- Born: 1980 (age 45–46)
- Education: Columbia University
- Occupations: writer, political reporter
- Spouse: Matthew Stuart
- Children: 3

= Elizabeth Holmes (writer) =

American writer and journalist (born 1980)

Elizabeth Holmes (born 1980) is an American writer and journalist based in Los Angeles, California. Known for her coverage of British royal style and fashion messaging, her bestselling debut book, HRH: So Many Thoughts on Royal Style, was published in November 2020. Her work has also appeared in The New York Times, Town & Country, Real Simple, and InStyle.

== Early life and education ==
Holmes graduated from St. Olaf College in Northfield, Minnesota and received a master’s in journalism from the Graduate School of Journalism at Columbia University.

== Journalism ==
In 2006, Holmes started at The Wall Street Journal as a reporting assistant and then became a political reporter following John McCain, Sarah Palin, and Mitt Romney throughout the 2008 presidential campaign. After the election, Holmes joined The Wall Street Journals corporate team, reporting on major retailers and apparel makers. Her final role at The Wall Street Journal was as a senior style reporter and columnist focusing on the business of fashion and beauty.
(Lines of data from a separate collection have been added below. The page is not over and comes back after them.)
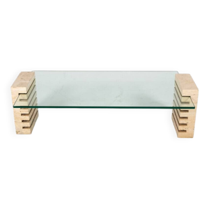 Mid-Century Modern Coffee Table, Glass and Brass
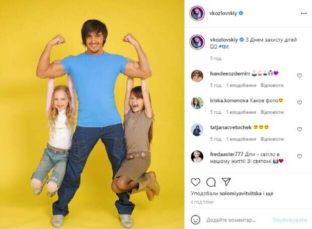 На новом снимке Виталий позирует на ярком желтом фоне в компании двух милых девочек, которые буквально повисли на его руках. Перед камерой артист появился в интересном образе – на нем стильные темные джинсы с карманами и простая голубая футболка. Похоже, этот снимок был сделан раньше, так как сейчас у артиста более густая борода и недавно он показался с белыми волосами на голове. В подписи к публикации Козловский написал: "С Днем защиты детей". Пользователи тут же принялись активно обсуждать новый снимок певца, поздравляя с праздником и засыпая комплиментами, некоторые решили, что на фото дочки Виталия. "Какое фото", "Дети – свет в нашей жизни! С праздником!", "С праздником всех деток", "Вот так обернешься, а кумир твоего детства уже с двумя детьми", - пишут фанаты. Напомним, Виталий Козловский в стильном наряде сжал кулаки и сделал признание: "Я горжусь тем, что...". Как сообщала Politeka, Козловский ошеломил откровенным признанием, не смог держать в себе: "Я любил безгранично…". Также Politeka писала, Козловский показал свое чрезмерное пристрастие, удивив беззубой улыбкой: "Дохлопался...".
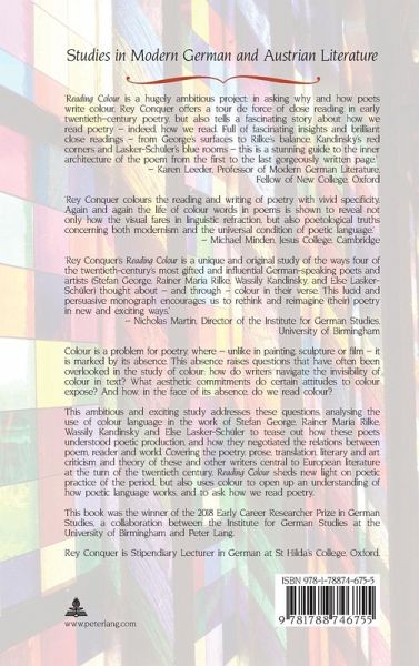 «Reading Colour is a hugely ambitious project: in asking why and how poets write colour, Rey Conquer offers a tour de force of close reading in early twentieth-century poetry, but also tells a fascinating story about how we read poetry - indeed, how we read. Full of fascinating insights and brilliant close readings - from George's surfaces to Rilke's balance, Kandinsky's red corners and Lasker-Schüler's blue rooms - this is a stunning guide to the inner architecture of the poem from the first to the last gorgeously written page.» (Karen Leeder, Professor of Modern German Literature, Fellow of New College, Oxford)
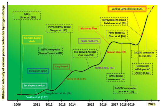 The review of studies utilized various precursors to synthesize various porous adsorbent materials for hydrogen storage [16,18,33,59,60,64,72,80,83,86,90,93,97,98,104,107].
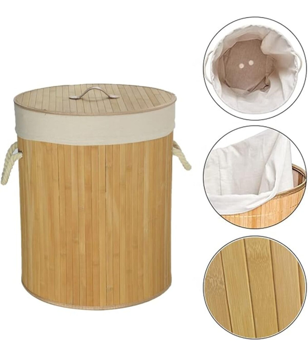Cesto Para Ropa Sucia Gran Capacidad Bambu Con Tapa 50×35
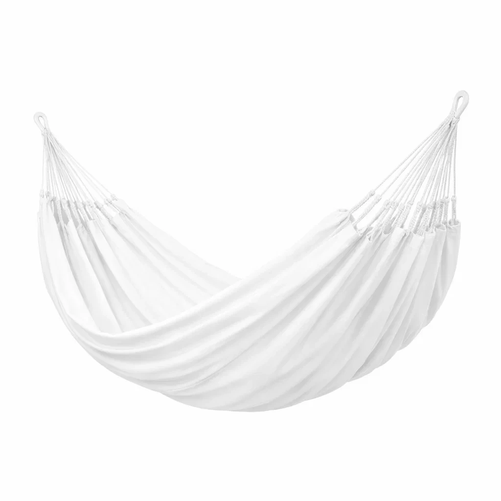 Ce hamac est fabriqué en tissu de coton, offrant une texture douce et résistante. Ses dimensions sont de 200 cm x 150 cm et il peut supporter un poids maximum de 200 kg.
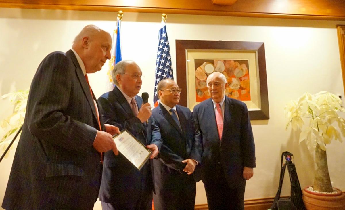 Society Co-chairs Negroponte and Manuel V. Pangilinan conferred the 2022 Carlos P. Romulo award on Ambassador Romualdez in recognition of his superior diplomatic service and support for the US-Philippines Society.

While at The Wall Street Journal, Holmes hosted a how-to web video series, #THIS, with Elizabeth Holmes.

In 2017, Holmes transitioned to a freelance career, contributing regularly to The New York Times, Town & Country, Real Simple, and InStyle.

== "So Many Thoughts" ==
Holmes started the Instagram series "So Many Thoughts", a sartorial commentary series on the British royal family on Instagram Stories in 2017. The series annotates pictures of the Catherine, Duchess of Cambridge and Meghan, Duchess of Sussex, with a focus on decoding the messages behind royal fashion choices. In the podcast Second Life by the website Who What Wear, Holmes explains,"Sometimes people ask, 'Why do you care so much about what they're wearing?' I care because they care, because they're putting a lot of thought into it because they recognize, good or bad, that this attention is there. And they're going to harness it to further their purpose."The series won a Webby Award in 2019.

Holmes has also written feature articles covering the portrayal of the British aristocracy in TV and film, including The Crown and Downton Abbey.

In November 2020, Holmes published her first book, HRH: So Many Thoughts on Royal Style, which expands on her Instagram series. The book covers the style, branding, and positioning of Queen Elizabeth II, Diana, Princess of Wales, Catherine, Duchess of Cambridge, and Meghan, Duchess of Sussex. HRH: So Many Thoughts on Royal Style made the New York Times Bestseller on the list for Nonfiction.

In an interview with Parade magazine, Holmes explains that unraveling the meaning behind royal style choices shows respect to their efforts:“They need to impress and wow and draw attention to what they’re doing because it’s a real opportunity. And they’re looking at it as part of their duties. It contributes to the overall mission of serving the crown and the country, and when you look at fashion through that lens, it’s a really powerful thing.”

== Personal life ==
Holmes lives in Los Angeles, California with her husband Matthew Stuart and three children.